◆ PROBLEM
Each line in the material below must be transcribed exactly; no picture belongs in the copy.

◆ SOURCE MATERIAL

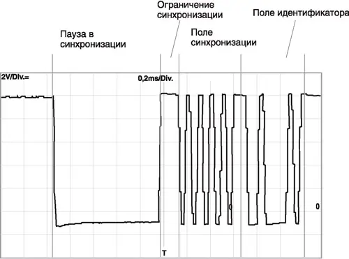 Эта часть передается рецессивным уровнем (около 12 В), что соответствует передаче "единицы" и сообщает блокам LIN Slave о том, что пауза закончилась и необходимо приготовиться к синхронизации.
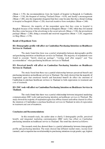 (Mean = 3.70), the recommendation from the branch of hospital in Bangkok in Cambodia
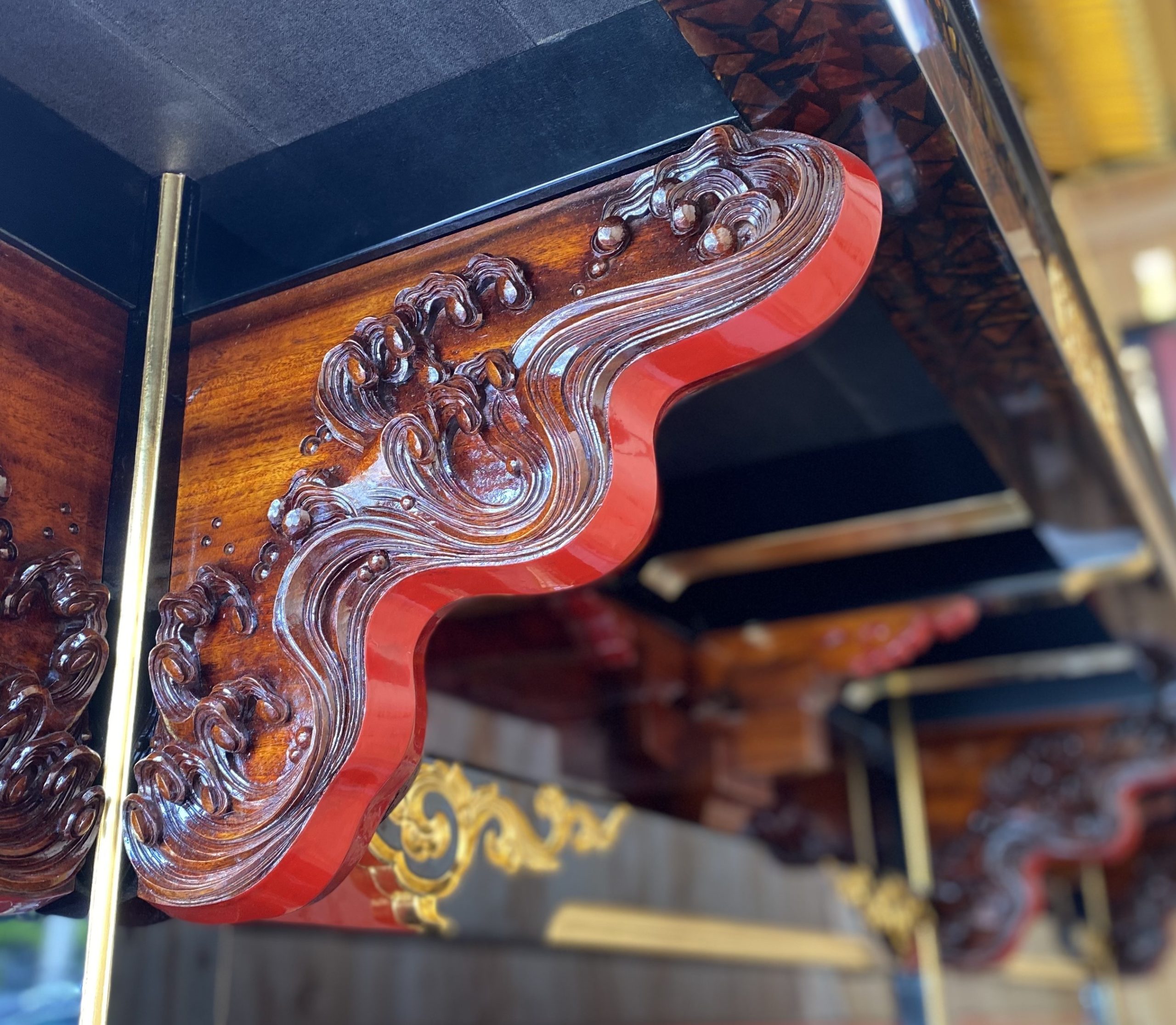 「波」彫刻には天然生漆を塗り重ね仕上げました。手に近いところですから、汚れ防止、周囲との調和を考えた結果です。ポイントは、厚みの部分を朱漆で塗りラインを際立たせた所です。

◆ ANSWER TO THIS TASK
 Эта часть передается рецессивным уровнем (около 12 В), что соответствует передаче "единицы" и сообщает блокам LIN Slave о том, что пауза закончилась и необходимо приготовиться к синхронизации.
 (Mean = 3.70), the recommendation from the branch of hospital in Bangkok in Cambodia
 「波」彫刻には天然生漆を塗り重ね仕上げました。手に近いところですから、汚れ防止、周囲との調和を考えた結果です。ポイントは、厚みの部分を朱漆で塗りラインを際立たせた所です。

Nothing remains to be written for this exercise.